GROTON -- "Community Sustainability is the commitment to adopt practices that support and balance the social, economic and environmental conditions of our regional life now and into the future."
Thus reads a newly refined definition of sustainability as fashioned by members of the town's Sustainability Commission that was established by selectmen in 2008.
At that time, the group's goals were clear: To create a sustainability plan for the town, convincing other town boards and committees to incorporate elements of the plan into their own activities, setting and meeting targets and milestones and keeping track of the commission's success in helping the town become more self sustaining.

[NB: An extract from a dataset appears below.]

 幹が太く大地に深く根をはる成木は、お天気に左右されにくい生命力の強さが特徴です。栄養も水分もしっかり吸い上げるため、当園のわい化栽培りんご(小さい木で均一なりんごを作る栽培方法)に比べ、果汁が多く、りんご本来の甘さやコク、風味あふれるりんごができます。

The ultimate purpose of the commission was to help the town save money by conserving energy and using locally made or grown products, providing a clean environment, creating a vibrant local economy, and educating youngsters in "how to live sustainably in a finite world."
However, since then, many residents have suspected that the group's goals have widened beyond its original mandate.

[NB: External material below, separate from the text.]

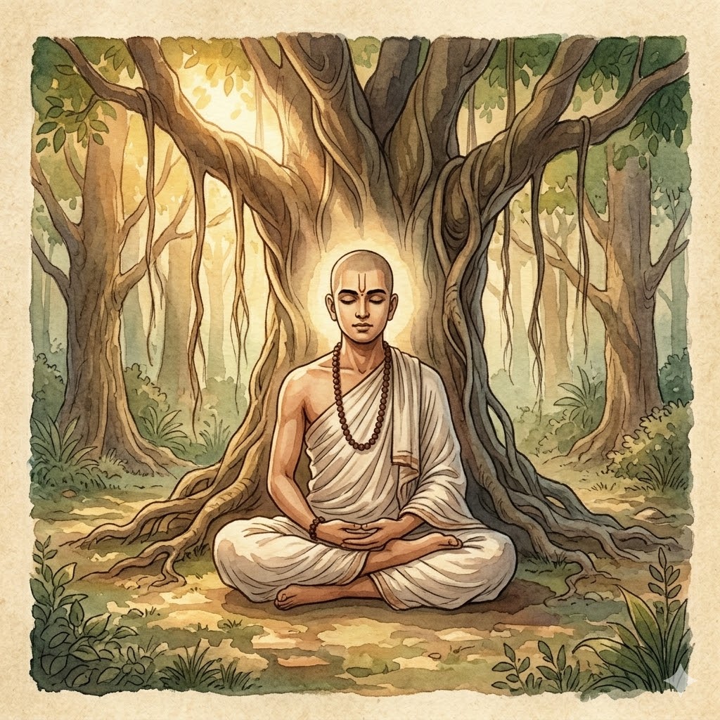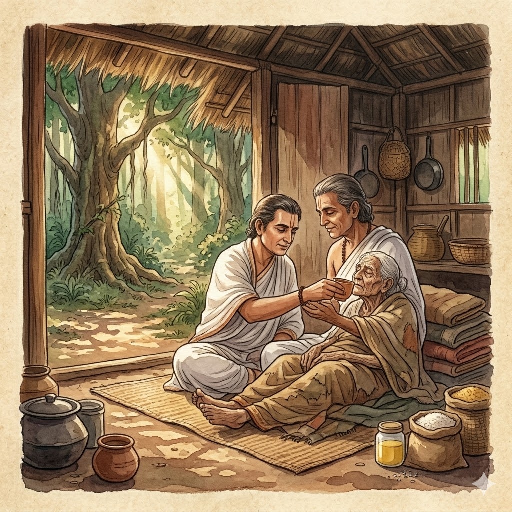 Тут самое место сказать, что у наставника юноши была жива мать, старуха ста двадцати лет от роду, – и наставник за нею ходил: собственноручно её купал, кормил и поил. А так как другие люди презирали его за это, он и надумал: "Уйдём-ка мы в лес. Там мы сможем спокойно жить с матерью, и я буду ходить за ней". И вот в глухой чаще, в красивом месте, где протекал ручей, он выстроил хижину, запасся топлёным маслом, рисом и прочими съестными припасами, перенёс в хижину свою мать и зажил там, по-прежнему ухаживая за матерью. Когда молодой брахман явился в Таккасилу, то, не найдя там наставника, стал распрашивать о нём. Узнав обо всём, он пришёл к своему учителю, почтительно его приветствовал и стал чуть поодаль.

For that reason, said Chairman Michael Roberts at the commission's meeting Tuesday night, a redefinition of the group's mission statement was important to reassure residents that members were doing what they could to make their intentions as clear as possible.
Roberts acknowledged that the commission was compelled to make the move following comments by some residents at recent
Some resident have also voiced disagreement with the prominent role given to the Sustainability Commission in the Master Plan updating process with representation on all of the associated advisory groups.
Tuesday night, Roberts offered a more pithy redefinition that was ultimately rejected by his colleagues in favor of a retooling of the existing definition.
"I found a definition that makes a lot of sense," said Roberts . "It's not a complicated definition that I think everyone can get behind: 'Living like the future matters.'"
"I think it's important to have something short, tight and simple to remember," said Roberts, "because looking around, there is so much confusion."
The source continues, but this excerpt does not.